I'm creating a web crawler for Zillow in order to practice using Selenium.我正在为 Zillow 创建一个网络爬虫,以便练习使用 Selenium。 All I'm trying to do is get the price, address, and link to each home, but when I use find_elements_by_class_name() or find_elements_by_css_selector() , it only finds the first 9 elements, when there are many more.我想要做的就是获取每个家的价格、地址和链接,但是当我使用find_elements_by_class_name()find_elements_by_css_selector() ,它只会找到前 9 个元素,而当还有更多元素时。

Normally my selenium works fine.通常我的硒工作正常。 Does anyone know why this occurs?有谁知道为什么会发生这种情况?

from selenium import webdriver
import time

zillow_url = "https://www.zillow.com/manhattan-new-york-ny/houses/?searchQueryState=%7B%22pagination%22%3A%7B%7D%2C%22usersSearchTerm%22%3A%22Manhattan%2C%20New%20York%2C%20NY%22%2C%22mapBounds%22%3A%7B%22west%22%3A-74.21047920019531%2C%22east%22%3A-73.73669379980468%2C%22south%22%3A40.626191262639644%2C%22north%22%3A40.933477919520115%7D%2C%22regionSelection%22%3A%5B%7B%22regionId%22%3A12530%2C%22regionType%22%3A17%7D%5D%2C%22isMapVisible%22%3Atrue%2C%22filterState%22%3A%7B%22ah%22%3A%7B%22value%22%3Atrue%7D%2C%22beds%22%3A%7B%22min%22%3A0%2C%22max%22%3A0%7D%2C%22price%22%3A%7B%22max%22%3A400000%7D%2C%22mp%22%3A%7B%22max%22%3A1300%7D%7D%2C%22isListVisible%22%3Atrue%2C%22mapZoom%22%3A11%7D"

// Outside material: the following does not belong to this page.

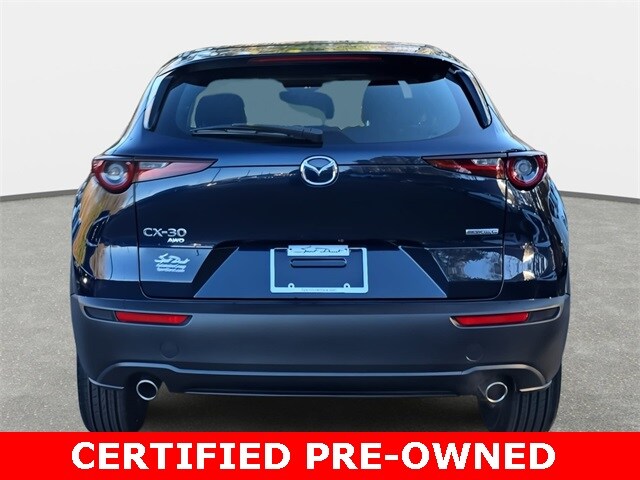 *MAZDA CERTIFIED*, *REMAINDER OF FACTORY WARRANTY*, *INCLUDES WARRANTY*, *CLEAN HISTORY...NO ACCIDENTS REPORTED*, *ONE OWNER...NO ACCIDENTS REPORTED*, *ONE OWNER*, *BOUGHT HERE NEW*, *RECENT TRADE IN*, *BACKUP CAMERA*, *BLUETOOTH*, *APPLE CARPLAY/ANDROID AUTO*, *ALUMINUM ALLOY WHEELS*, CX-30 2.5 S AWD, 4D Sport Utility, SKYACTIV® 2.5L 4-Cylinder DOHC 16V, 6-Speed Automatic, AWD, Deep Crystal Blue Mica, Black w/Cloth Seat Trim, 4-Wheel Disc Brakes, ABS brakes, Air Conditioning, Alloy wheels, AppLink/Apple CarPlay and Android Auto, Cloth Seat Trim, Emergency communication system: Mazda Connected Services (3-year complimentary trial included), Exterior Parking Camera Rear, Front Bucket Seats, MAZDA CONNECT Infotainment System, Power windows, Remote keyless entry, Speed control, Split folding rear seat, Spoiler, Steering wheel mounted audio controls, Telescoping steering wheel, Tilt steering wheel, Traction control.

address = "My chrome driver address" 
driver = webdriver.Chrome(executable_path=address)
driver.get(zillow_url)

time.sleep(2)

prices = driver.find_elements_by_class_name("list-card-price")
addresses = driver.find_elements_by_class_name("list-card-addr")
links = driver.find_elements_by_class_name("list-card-link")

Try this.试试这个。

from selenium import webdriver
import time

zillow_url = "https://www.zillow.com/manhattan-new-york-ny/houses/?searchQueryState=%7B%22pagination%22%3A%7B%7D%2C%22usersSearchTerm%22%3A%22Manhattan%2C%20New%20York%2C%20NY%22%2C%22mapBounds%22%3A%7B%22west%22%3A-74.21047920019531%2C%22east%22%3A-73.73669379980468%2C%22south%22%3A40.626191262639644%2C%22north%22%3A40.933477919520115%7D%2C%22regionSelection%22%3A%5B%7B%22regionId%22%3A12530%2C%22regionType%22%3A17%7D%5D%2C%22isMapVisible%22%3Atrue%2C%22filterState%22%3A%7B%22ah%22%3A%7B%22value%22%3Atrue%7D%2C%22beds%22%3A%7B%22min%22%3A0%2C%22max%22%3A0%7D%2C%22price%22%3A%7B%22max%22%3A400000%7D%2C%22mp%22%3A%7B%22max%22%3A1300%7D%7D%2C%22isListVisible%22%3Atrue%2C%22mapZoom%22%3A11%7D"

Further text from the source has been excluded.